For a while I feel like I’ve lacked any kind of relationship with my mum and I blame it on the age gap between me and my youngest sister.
I am 26 and my youngest sister is 11. At 15 it didn’t seem so bad but as I got older I think it sucks. Also have a brother aged 21 and a sister aged 15 in between.
It’s probably not the same for all children with siblings with significant age gaps but I feel like I lack that normal kind of mother and daughter relationship with my mum and the relationship my mother has with my grandmother.
Naturally when I was a teenager my mum was always busy with the young children. I get that, I am a mother of two children myself. My friends went shopping, to the cinema, out for coffee with their mums. Me and my mum didn’t do anything ever. My younger siblings ruled the roost and never give me any privacy constantly in and other of my room whilst I tried to study, chill out etc. I moved out when I was 18.
I’m not sure what my question is but does anyone feel like this?

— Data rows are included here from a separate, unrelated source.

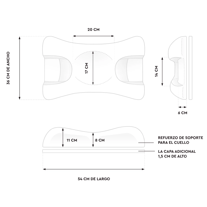 - Diseño ortopédico 3D: Desarrollada por expertos en dermatología, ortopedia y sueño. Contribuye a mejorar y prevenir dolores de cuello y espalda.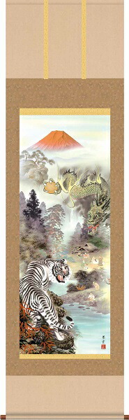 【お得クーポン配布中】 掛軸/開運画/開運龍・虎 開運四神龍虎図/茂木蒼雲/草夕会 洛彩緞子本表装/尺三サイズ幅44.5cm/化粧箱収納/表装品質十年保証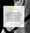 La peinture est en verre acrylique de haute qualité d'une épaisseur totale de 5 mm. De plus, il est doté d'un excellent niveau de finition et il est totalement résistant aux rayons UV, de sorte que les couleurs ne s'estompent pas et que vous puissiez profiter de la peinture sur verre pendant des années.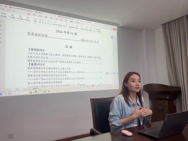 2024年9月21日晚,教本二支部开展党员大会,以“教育强国建设”为主题,集体学习研讨党的二十届三中全会精神和全国教育大会精神,并对支部党纪学习教育开展情况进行了总结。教本二支部全体党员参加了本次会议。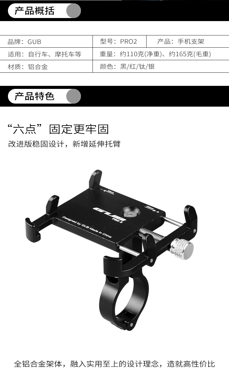 名稱:GUB PRO2 鋁合金手機(jī)支架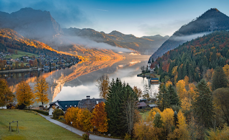 清晨可拍摄日出,漫步湖边,看湖光山色,天鹅嬉戏,偶尔还会撑来一叶扁舟。早餐后前往圣沃尔夫冈小镇,圣沃尔夫冈湖是奥地利萨尔茨卡默古特湖区最有名的湖,周围被茂密的林带、绿地和陡峭的群山环抱着。再坐小火车前往山顶,这里则是电影《音乐之声》的拍摄地之一,上山后拍摄日落。
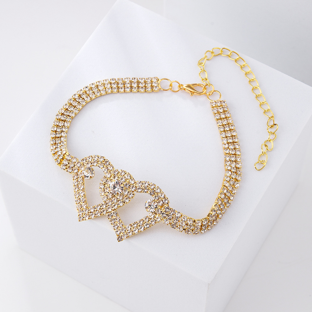 跨境爆款 个性潮流双爱心脚链 欧美满钻闪亮沙滩脚链流行配饰女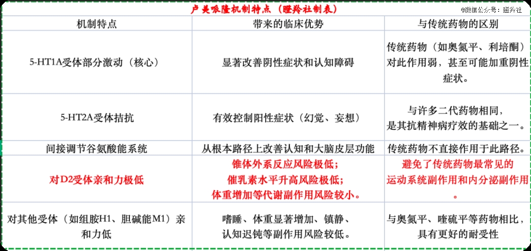 除此之外,最近十年之内获批的重磅精神类药物,不得不提卢美哌隆,卢美哌隆代表了精神分裂症从“多巴胺中心论”向“血清素-谷氨酸轴调节”转变的创新治疗策略。它通过独特的5-HT1A部分激动与5-HT2A拮抗的协同作用,在有效控制阳性症状的同时,特别针对了精神分裂症最致残且治疗手段匮乏的阴性症状和认知缺陷,下图为其机制的总结。虽然它2023年的销售额才4.67亿美元,但是GlobalData的分析师预测,到2031年(强生公司收入模型中最远的年份),它的年销售额将达到27亿美元。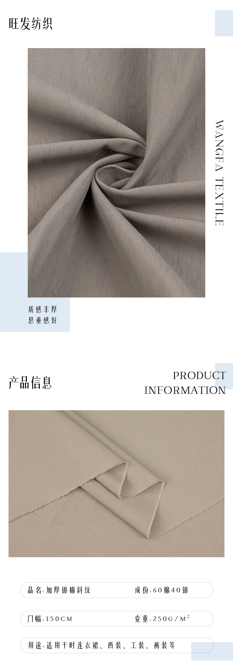 250g加厚锦棉斜纹梭织面料 挺括衬衫快时尚女装工装裤连衣裙面料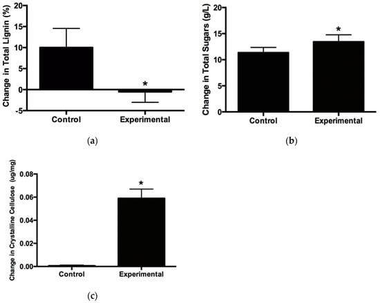 Changes in the lignocellulosic composition of vetiver biomass grown in control (control) soil and stamp sand (experimental) soil over 60 days: (a) percent changes in total lignin, (b) changes in total hemicellulose (sugar) levels in g/L, and (c) changes in crystalline cellulose in μg/mg. Error bars show standard deviation (n = 6). (*) indicates p-value = <0.05, using t-test with Welch’s correction and α = 0.05.

I am envious of the relationship my Mil has with her two grown up daughters.
My mother spends hundreds on my younger sisters each Christmas. Now I don’t expect presents but she doesn’t get me anything at all, she buys for my children but sometimes I feel forgotten and lonely 😪😪
My mum never pops by or interested in meeting with me by myself just me and her.
I also don’t have a dad so I feel pretty worthless at the minute. I am feeling like I lack something!